-------- Source material --------

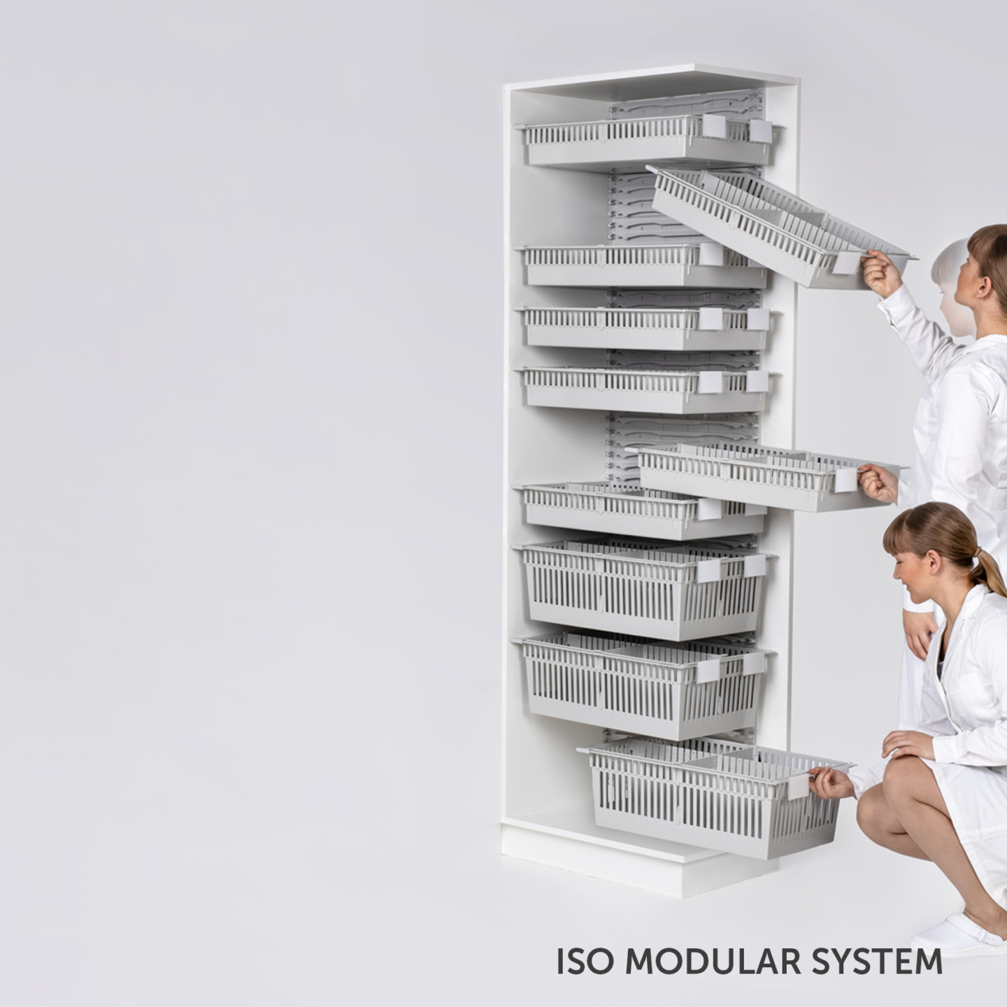 Medicinal products can be kept tidy in the baskets of the ISO modular system by using dividers, which helps prevent errors involving medicinal products and saves shelf space of up to 60% compared to conventional cabinets.
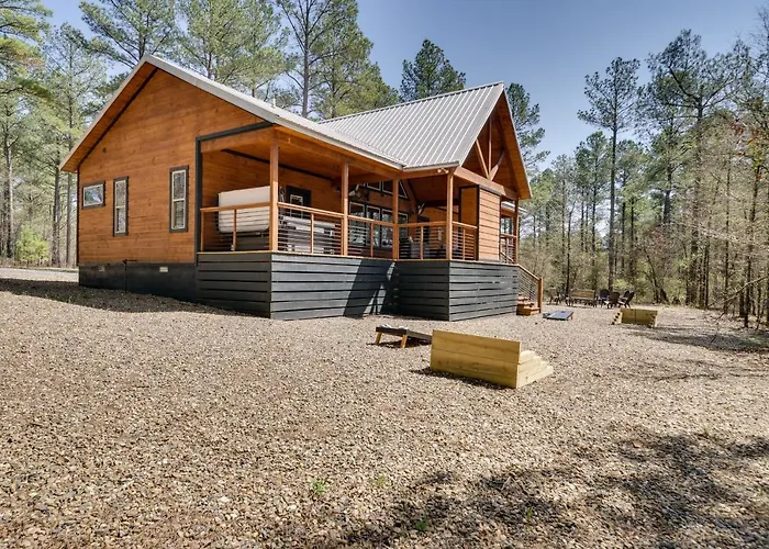This accommodation is equipped with a microwave oven, a refrigerator, and kitchenware for self-catering in an outdoor dining area. The nearest Texarkana Regional -Webb Field airport is 145 km away from Family-Friendly Broken Bow Cabin Rental With Hot Tub.
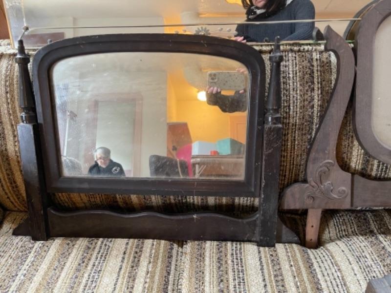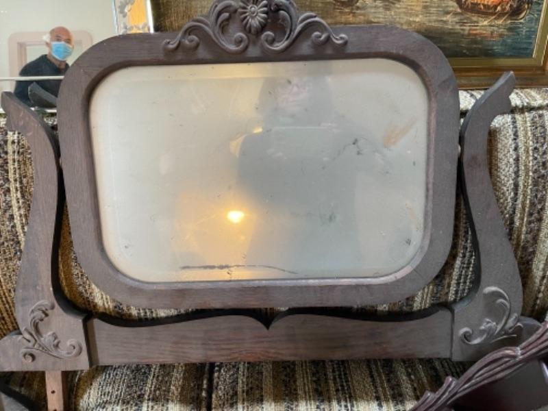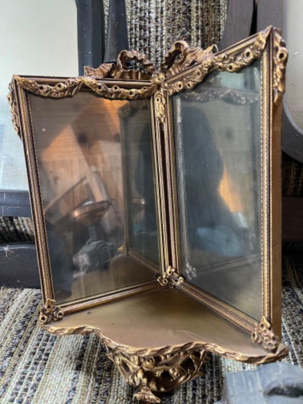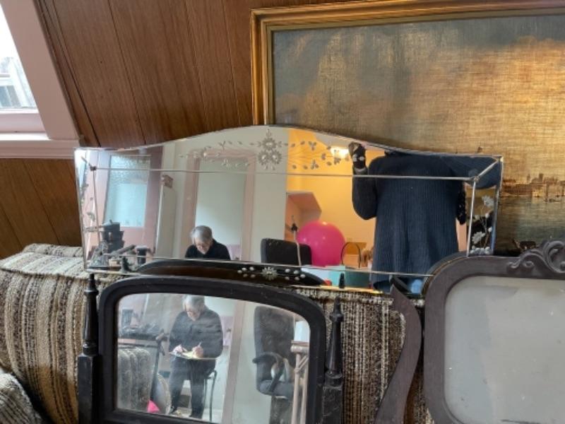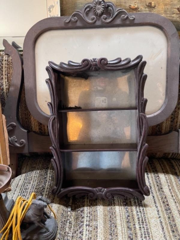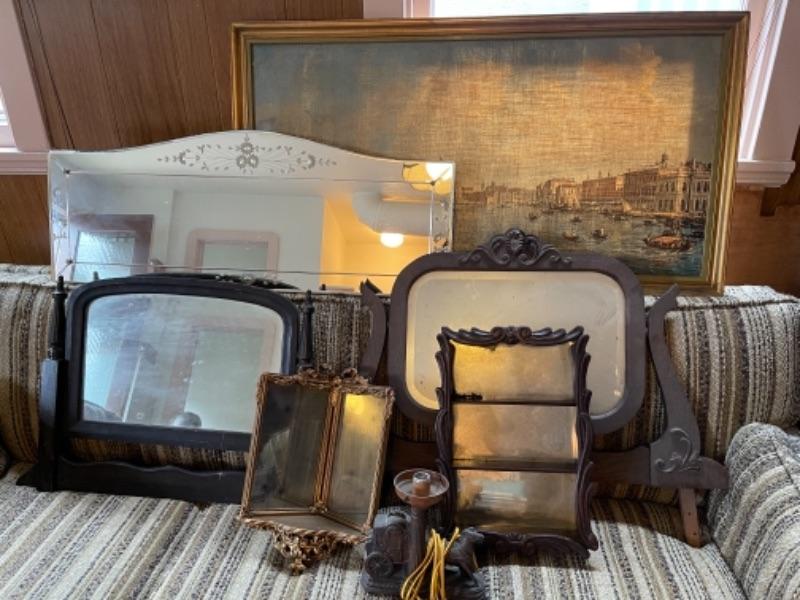 Lot 140. Vintage horse and carriage lamp, vintage shelf, dresser mirrors, art (42” x 22.5”), vanity mirror (36’ x 16”)--$50

--------

(Exercise)
Make an exact printout of the listing above, omitting the images.

(Answer)
 Medicinal products can be kept tidy in the baskets of the ISO modular system by using dividers, which helps prevent errors involving medicinal products and saves shelf space of up to 60% compared to conventional cabinets.
This accommodation is equipped with a microwave oven, a refrigerator, and kitchenware for self-catering in an outdoor dining area. The nearest Texarkana Regional -Webb Field airport is 145 km away from Family-Friendly Broken Bow Cabin Rental With Hot Tub.
 Lot 140. Vintage horse and carriage lamp, vintage shelf, dresser mirrors, art (42” x 22.5”), vanity mirror (36’ x 16”)--$50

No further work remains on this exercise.